Friday, February 24, 2017

Defending crime: Veterans suffer from combat-related mental health disorders

Minnesota Attorney Brock Hunter has developed a specialty in representing veterans charged with crimes outside the military justice system, reported the ABA Journal. He and his colleagues in this area offer a version of the brain defense, an approach that considers the possible influence of post-traumatic stress disorder, depression and traumatic brain injury caused by their military experience on their clients’ criminal behavior. They seek understanding and treatment instead of prison and, in some cases, mercy instead of execution.

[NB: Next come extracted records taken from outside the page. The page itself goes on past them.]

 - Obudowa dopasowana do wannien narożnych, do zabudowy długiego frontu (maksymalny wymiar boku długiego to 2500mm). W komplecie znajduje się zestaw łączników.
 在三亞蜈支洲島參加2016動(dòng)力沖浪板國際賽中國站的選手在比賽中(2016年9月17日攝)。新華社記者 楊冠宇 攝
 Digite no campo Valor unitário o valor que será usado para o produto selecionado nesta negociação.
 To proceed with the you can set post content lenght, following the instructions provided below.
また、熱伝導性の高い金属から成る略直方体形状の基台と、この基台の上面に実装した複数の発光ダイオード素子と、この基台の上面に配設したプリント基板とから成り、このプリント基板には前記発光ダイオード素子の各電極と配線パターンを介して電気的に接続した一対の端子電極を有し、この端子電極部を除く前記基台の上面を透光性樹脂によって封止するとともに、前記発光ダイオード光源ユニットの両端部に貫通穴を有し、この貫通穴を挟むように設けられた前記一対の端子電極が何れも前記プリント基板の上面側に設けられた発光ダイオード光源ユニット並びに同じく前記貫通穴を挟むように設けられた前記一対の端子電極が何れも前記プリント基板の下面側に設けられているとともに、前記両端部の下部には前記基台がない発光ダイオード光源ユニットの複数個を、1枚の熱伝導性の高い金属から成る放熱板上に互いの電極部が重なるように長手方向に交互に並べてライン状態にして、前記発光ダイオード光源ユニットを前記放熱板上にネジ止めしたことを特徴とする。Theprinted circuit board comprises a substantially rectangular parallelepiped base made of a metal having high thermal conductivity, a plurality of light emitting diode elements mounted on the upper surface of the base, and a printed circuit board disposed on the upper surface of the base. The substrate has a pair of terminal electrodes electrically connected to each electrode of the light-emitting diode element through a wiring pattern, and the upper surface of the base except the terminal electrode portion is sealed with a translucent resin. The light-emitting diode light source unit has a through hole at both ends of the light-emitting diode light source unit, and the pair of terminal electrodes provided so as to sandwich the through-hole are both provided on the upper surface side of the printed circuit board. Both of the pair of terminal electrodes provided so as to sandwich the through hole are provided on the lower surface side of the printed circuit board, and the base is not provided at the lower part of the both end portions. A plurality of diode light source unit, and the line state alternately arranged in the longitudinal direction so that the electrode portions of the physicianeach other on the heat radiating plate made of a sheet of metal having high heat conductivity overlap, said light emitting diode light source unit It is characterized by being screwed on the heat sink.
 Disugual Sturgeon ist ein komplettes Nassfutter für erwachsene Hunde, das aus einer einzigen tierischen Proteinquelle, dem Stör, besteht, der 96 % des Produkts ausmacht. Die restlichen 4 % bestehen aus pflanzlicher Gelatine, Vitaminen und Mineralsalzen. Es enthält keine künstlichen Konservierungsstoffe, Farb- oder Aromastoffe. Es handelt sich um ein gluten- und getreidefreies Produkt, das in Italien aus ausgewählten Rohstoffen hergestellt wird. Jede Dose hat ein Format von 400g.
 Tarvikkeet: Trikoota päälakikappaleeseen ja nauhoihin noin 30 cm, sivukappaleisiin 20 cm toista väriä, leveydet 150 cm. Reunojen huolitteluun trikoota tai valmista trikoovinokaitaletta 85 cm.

Hunter is a veteran himself, having served four years in the Army, mostly as a sniper scout in the tension-filled demilitarized zone of Korea during the late 1980s.

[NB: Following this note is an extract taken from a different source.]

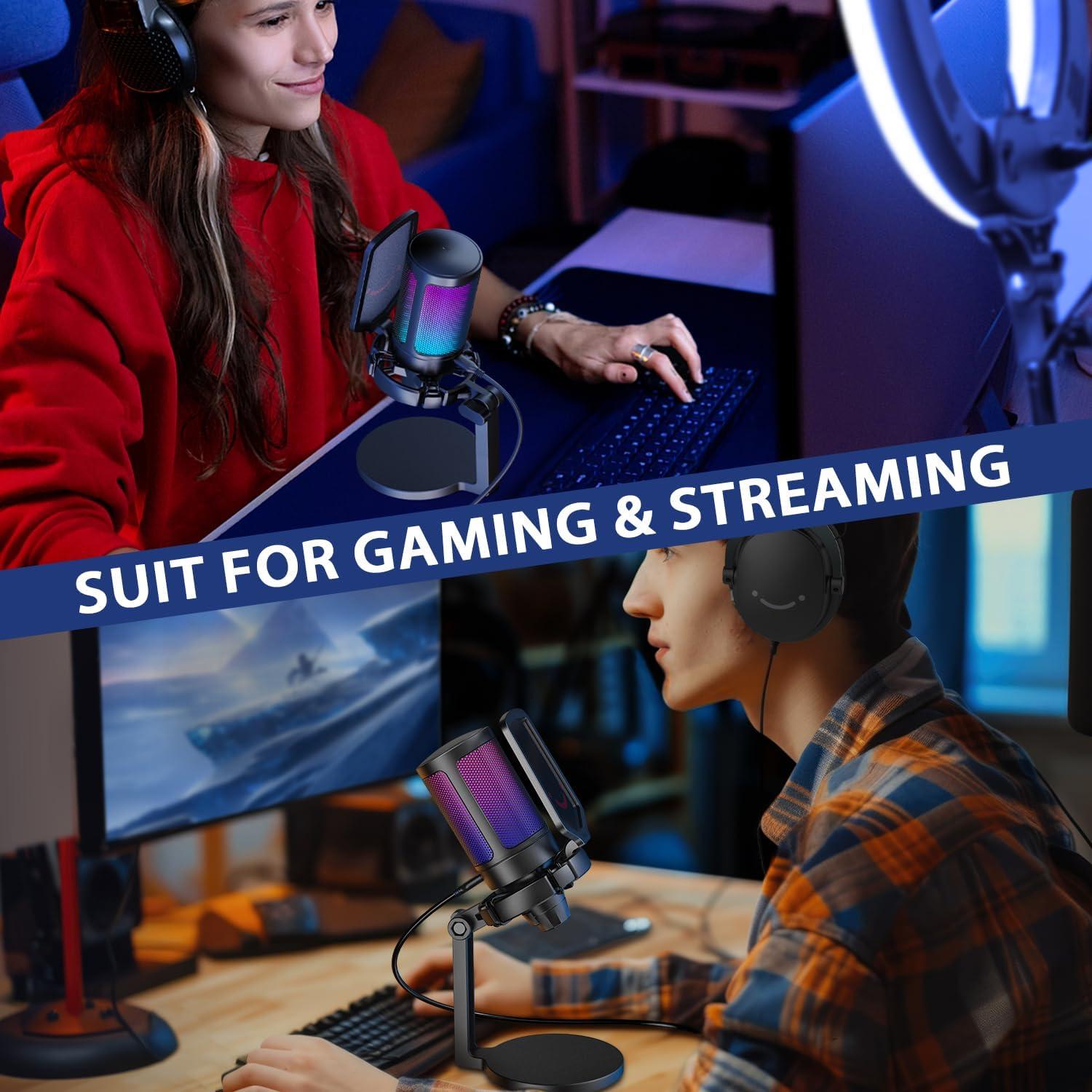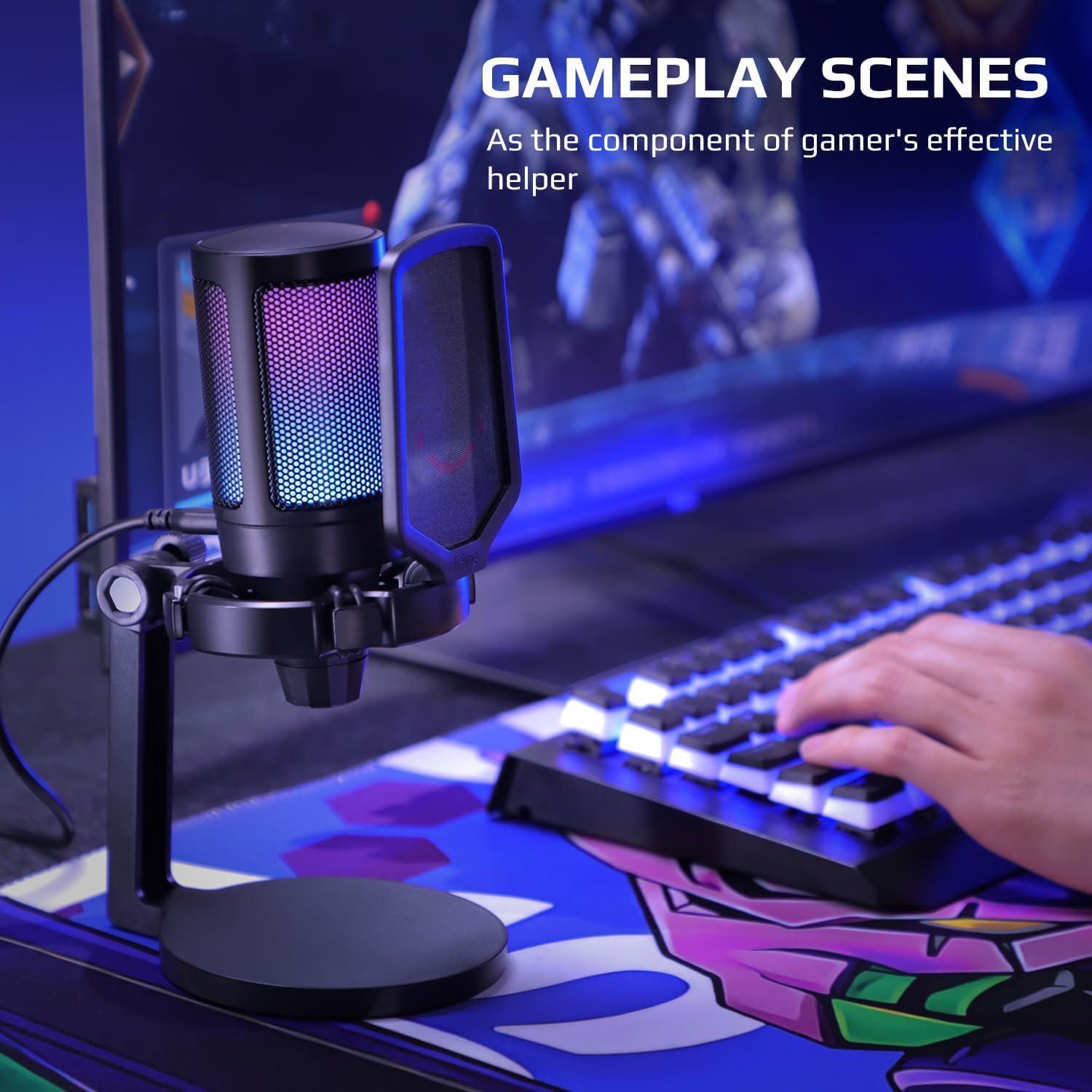 [RGB Illumination] Transform your gaming setup with the vibrant bicolored RGB lighting on USB microphone, which gracefully cycles through stunning color. The PC microphone not only adds a lively atmosphere to your computer setup but also immerses you deeper into the intensity of the game.

In 2007, Hunter helped draft a Minnesota law that permits judges to consider the option of sending veterans to treatment programs if they suffer from combat-related mental health disorders. The law requires courts to ask whether a criminal defendant is a veteran and allows their lawyers to order psychological evaluations. If a defendant is diagnosed with a mental health disorder, the court can work with the Department of Veterans Affairs on a treatment plan as part of the sentencing.
Hunter started getting national press attention for his work; the New York Times quoted him in a series about veterans charged with murder. Demand for his services grew. In hometowns across the country, veterans were getting arrested for domestic violence, drunk driving, fights and other crimes.

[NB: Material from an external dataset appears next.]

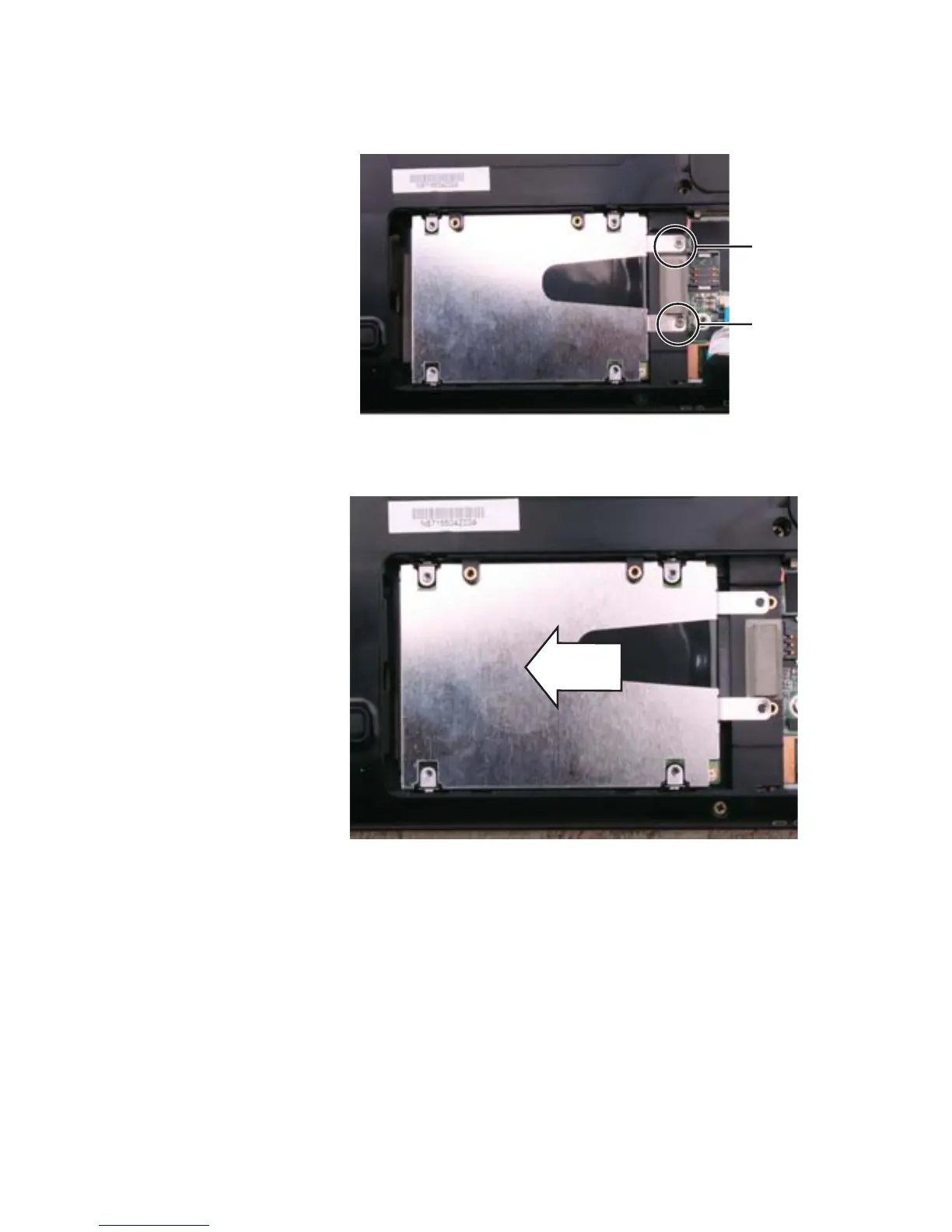 10 Retire los dos tornillos que aseguran la unidad de disco

High-profile cases drew even more attention. In Fort Carson, Colorado, returning soldiers were arrested for fighting, beatings, rapes, DUIs, drug deals, domestic violence, shootings, stabbings, kidnapping and murder. The violence prompted the Army to commission a study called the epidemiologic consultation to examine why veteran violence was increasing. It found that the murder rate at the base had doubled, and the number of rape arrests tripled. From 2005 to 2008, 13 soldiers at Fort Carson were charged with homicide.
Soldiers from one particular unit, known as the Lethal Warriors, were charged with most of the murders. Members of that unit, which by reputation had served in the most violent battlefields in Iraq, also had a rate of PTSD three times that of other units.
The report found “a possible association between increasing levels of combat exposure and risk for negative behavioral outcomes.” However, it also cited other risk factors, such as criminal histories and experiences of drug and alcohol abuse. The report was careful to note that “overall, most soldiers are doing well.” Many, it pointed out, had seen heavy combat and had risk factors for violence yet committed no crimes.